With a view to making homes truly affordable and efficient, Managing Director Dick Shone at Boutique Modern is revolutionizing housing in southeast England, one project at a time.

Working in a 32,000 square-foot factory in Newhaven, Sussex, Boutique Modern is changing decades-old thinking about constructing houses, all through the use of modular.

The U.K.-based firm has been in business for 12 years, manufacturing houses for both private clients and local government, with a large chunk of its business coming from “affordable” and social housing.

“Before 2018 there was a lot of resistance to any kind of modern methods of construction,” said Dick. “The U.K. is very traditional in the way it builds homes. It’s been like turning an oil tanker trying to get people to think differently.”

Like the rest of the world, the U.K. is experiencing a dearth of affordable housing.
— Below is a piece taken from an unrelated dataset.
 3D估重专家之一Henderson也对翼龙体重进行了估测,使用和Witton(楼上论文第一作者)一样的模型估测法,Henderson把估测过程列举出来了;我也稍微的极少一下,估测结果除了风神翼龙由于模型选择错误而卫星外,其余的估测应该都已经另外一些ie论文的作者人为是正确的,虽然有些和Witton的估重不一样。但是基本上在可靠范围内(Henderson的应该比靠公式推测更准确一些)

In order to meet the need, Boutique Modern is targeting both social housing and what Dick calls “first homes,” or the first apartment or house after young adults move out from home.
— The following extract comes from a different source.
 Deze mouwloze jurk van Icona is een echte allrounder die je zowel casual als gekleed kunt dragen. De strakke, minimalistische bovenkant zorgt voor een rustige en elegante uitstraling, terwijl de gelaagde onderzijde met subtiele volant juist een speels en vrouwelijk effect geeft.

The 21st Century Home, Built for Generations by Boutique Modern

When Dick and his firm started out, they worked on private projects as they waited for factory construction to be approved by insurers and lenders in the U.K. It took a while for factory-built modular houses to be seen as a viable solution to the housing shortage.

Regardless, Boutique Modern has set itself apart by providing low-cost, energy efficient options requested by local government and housing associations across Sussex.

The company is on a mission, says Dick, “to modernize construction. We believe that construction needs modernizing in order to bring it to the 21st century. The reason we started Boutique Modern is because we believe that factory house building is the best way that we can control quality, cost and program, and at the same time reduce carbon and waste.”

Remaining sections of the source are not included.